**Supplied entries**
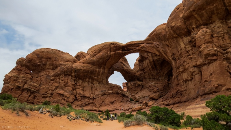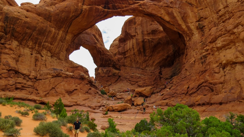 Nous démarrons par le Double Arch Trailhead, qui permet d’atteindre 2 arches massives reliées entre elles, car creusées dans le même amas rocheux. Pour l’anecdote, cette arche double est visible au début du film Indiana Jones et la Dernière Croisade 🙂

--

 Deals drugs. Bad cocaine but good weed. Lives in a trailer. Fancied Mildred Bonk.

---

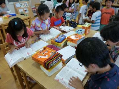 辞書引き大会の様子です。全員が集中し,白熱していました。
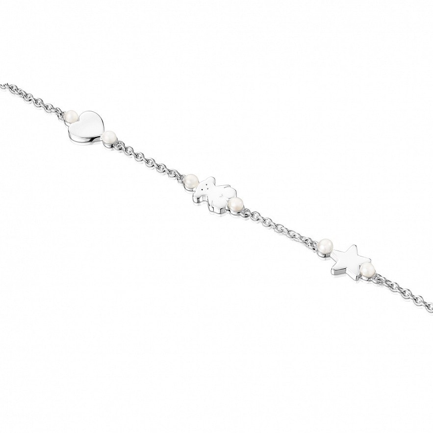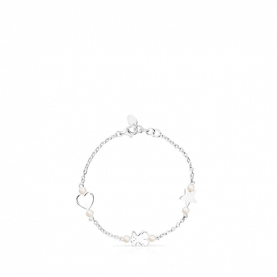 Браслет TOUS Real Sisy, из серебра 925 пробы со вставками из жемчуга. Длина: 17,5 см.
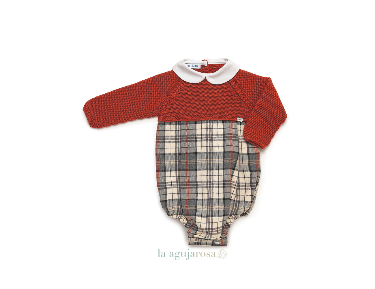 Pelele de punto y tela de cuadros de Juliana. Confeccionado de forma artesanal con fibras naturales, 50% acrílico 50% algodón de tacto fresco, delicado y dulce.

**Work required**
Exactly the lines above from the one that contains "Браслет TOUS Real" down to the one that contains "Pelele de punto" are to be output, both ends kept and pictures omitted.

**Result of the exercise**
 Браслет TOUS Real Sisy, из серебра 925 пробы со вставками из жемчуга. Длина: 17,5 см.
 Pelele de punto y tela de cuadros de Juliana. Confeccionado de forma artesanal con fibras naturales, 50% acrílico 50% algodón de tacto fresco, delicado y dulce.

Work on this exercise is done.